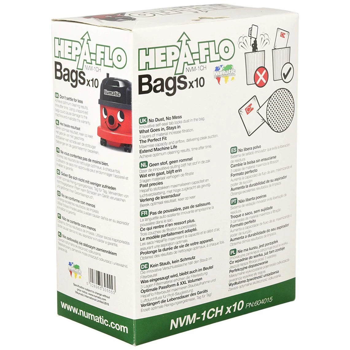Points forts Numatic Accessoire aspirateur 604015 – Lot de 10 sacs de 9L
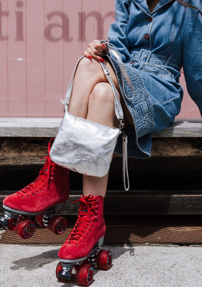 Available in tan, black, olive, brown, navy, steel grey, dusky pink + silver.
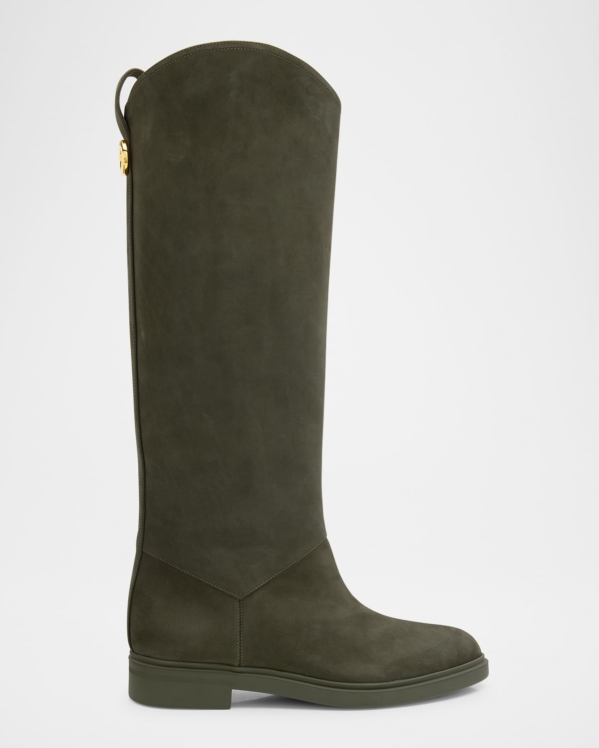 - Boasting a classic equestrian-style silhouette, the "Kilda" knee-high boots by Loro Piana are crafted from supple calf suede with a - 0.75 in / 20 mm stacked flat heel - Round toe - Pull-tab with logo-engraved golden back detail - Pull-on style - Leather lining - Tonal non-slip rubber outsole - Wipe clean - Made in Italy
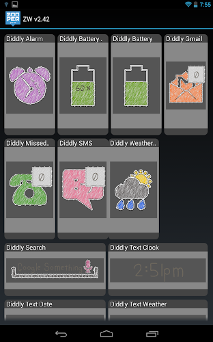 Widgety Diddly obsahují 12 odpovídajících skinů Zooper Pro, které lze použít s balíčkem diddly icon, který je k dispozici zde:
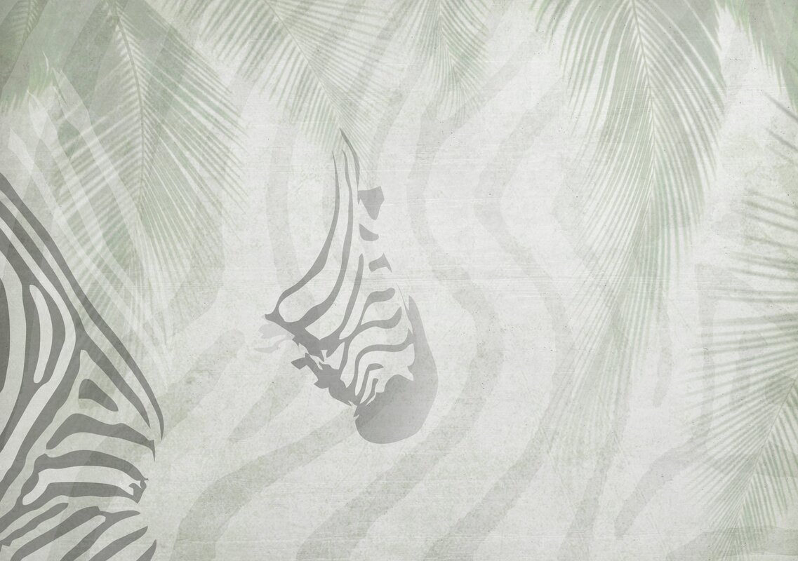 Fototapete: Tierisches Zebra -Muster und Palmblätter

⁂

TASK TO COMPLETE: Each record above should be copied character for character, with pictures dropped.

WRITTEN SOLUTION:
Points forts Numatic Accessoire aspirateur 604015 – Lot de 10 sacs de 9L
 Available in tan, black, olive, brown, navy, steel grey, dusky pink + silver.
 - Boasting a classic equestrian-style silhouette, the "Kilda" knee-high boots by Loro Piana are crafted from supple calf suede with a - 0.75 in / 20 mm stacked flat heel - Round toe - Pull-tab with logo-engraved golden back detail - Pull-on style - Leather lining - Tonal non-slip rubber outsole - Wipe clean - Made in Italy
 Widgety Diddly obsahují 12 odpovídajících skinů Zooper Pro, které lze použít s balíčkem diddly icon, který je k dispozici zde:
 Fototapete: Tierisches Zebra -Muster und Palmblätter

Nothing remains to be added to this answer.